Hollenhorst believes that the governance reform that created his new role has strengthened the Society. “We’re really on a much firmer foundation — a more professionally managed operation — now, through those corporate governance changes.”

As treasurer, his main responsibilities, Hollenhorst said, will be to make sure that financial planning within APS is well managed, that the right processes are in place to monitor the Society’s finances, and that there’s a solid system of strategic budget planning. Finally, he will oversee the investment of the APS endowment. “Thankfully we don’t have a bunch of volunteer physicists who are deciding how the money is invested, but we have professionals who do that for us,” Hollenhorst joked. “But, we have some very smart physicists on the Investment Committee who are ... reviewing what our financial consultants are doing,” he added. The Investment Committee reviews the performance of the Society’s investments manager and the inverstment policies of the Society.

After completing his Ph.D. at Stanford, Hollenhorst worked at Bell Labs for over a decade, focusing on semiconductor device physics. He then moved to Hewlett-Packard (HP) Labs, and later the HP spin-off company Agilent. At HP he worked initially on superconductivity, before eventually becoming director of electronics research for Agilent. Later, he took on the role of director of life sciences and chemical analysis research, before assuming his current position as senior director of technology.

Through his years in laboratory management, Hollenhorst has experience budgeting and dealing with finances, and he’s “always had an interest in the financial end of things,” he said. But “I’m first and foremost a physicist and not a financial person.”

APS is a healthy organization, Hollenhorst said. “They obviously have the best physics journals in the world and provide benefits to members and to society that are something to be very proud of.” But navigating the waters of the open-access publishing movement is a prominent challenge he foresees. “That’s a trend that goes well beyond scientific publishing,” he said. “Everybody these days wants all information to be free, and yet it costs a lot of money to produce quality information.”

However, the physics community has been ahead of the curve on open access, he points out. Physicists created the preprint repository arXiv, and were early adopters of online dialogue. “We’ve in fact invented some of the technologies that are prominent in communication these days,” he said, citing the development of the World Wide Web at CERN. Managing the challenges and harnessing the opportunities of communicating in this landscape will be prominent issues for APS, Hollenhorst said.

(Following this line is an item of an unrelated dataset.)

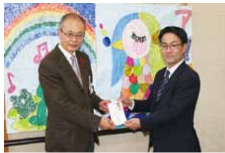
鹿沼市職員労働組合 様

The proliferation of low-quality, unreliable sources of information online only makes APS’s role more essential, he said. APS “has the opportunity — but also has the responsibility — to be a voice of reason and the voice of information you can trust about science, and physics in particular.” Hollenhorst believes APS should leverage its reputation as a reliable source as much as possible. “That will be possible only if we’re financially stable,” he added.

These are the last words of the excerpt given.